● What this task involves
Transcribe the full listing below, word for word, without pictures.

● Information supplied

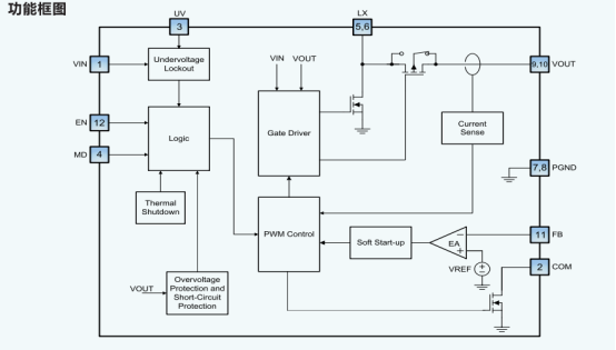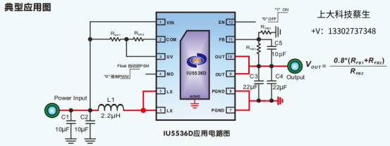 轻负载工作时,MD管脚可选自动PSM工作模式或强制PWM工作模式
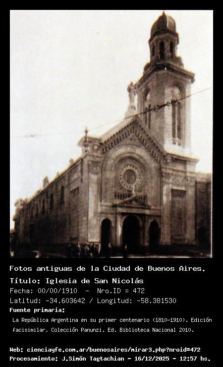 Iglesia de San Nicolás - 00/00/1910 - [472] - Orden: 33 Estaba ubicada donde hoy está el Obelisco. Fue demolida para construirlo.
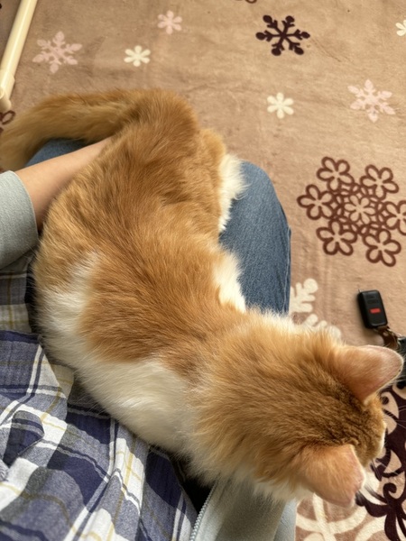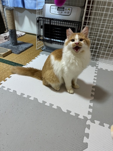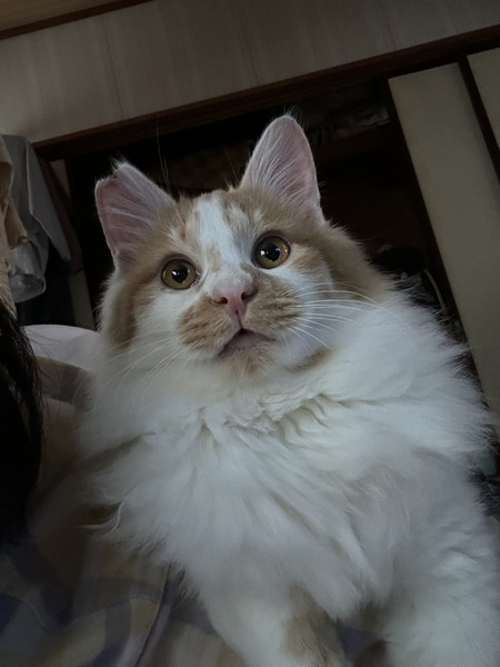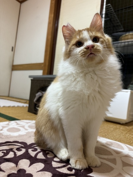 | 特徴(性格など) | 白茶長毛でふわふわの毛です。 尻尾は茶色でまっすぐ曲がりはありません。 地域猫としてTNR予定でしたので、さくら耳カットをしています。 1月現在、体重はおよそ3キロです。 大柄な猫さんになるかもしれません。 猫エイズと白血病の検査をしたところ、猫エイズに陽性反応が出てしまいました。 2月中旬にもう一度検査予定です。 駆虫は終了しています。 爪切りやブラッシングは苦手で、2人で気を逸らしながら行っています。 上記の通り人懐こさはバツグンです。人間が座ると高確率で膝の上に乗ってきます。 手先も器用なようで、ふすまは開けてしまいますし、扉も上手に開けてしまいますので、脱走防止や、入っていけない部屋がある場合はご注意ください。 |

● Exercise output
 轻负载工作时,MD管脚可选自动PSM工作模式或强制PWM工作模式
 Iglesia de San Nicolás - 00/00/1910 - [472] - Orden: 33 Estaba ubicada donde hoy está el Obelisco. Fue demolida para construirlo.
 | 特徴(性格など) | 白茶長毛でふわふわの毛です。 尻尾は茶色でまっすぐ曲がりはありません。 地域猫としてTNR予定でしたので、さくら耳カットをしています。 1月現在、体重はおよそ3キロです。 大柄な猫さんになるかもしれません。 猫エイズと白血病の検査をしたところ、猫エイズに陽性反応が出てしまいました。 2月中旬にもう一度検査予定です。 駆虫は終了しています。 爪切りやブラッシングは苦手で、2人で気を逸らしながら行っています。 上記の通り人懐こさはバツグンです。人間が座ると高確率で膝の上に乗ってきます。 手先も器用なようで、ふすまは開けてしまいますし、扉も上手に開けてしまいますので、脱走防止や、入っていけない部屋がある場合はご注意ください。 |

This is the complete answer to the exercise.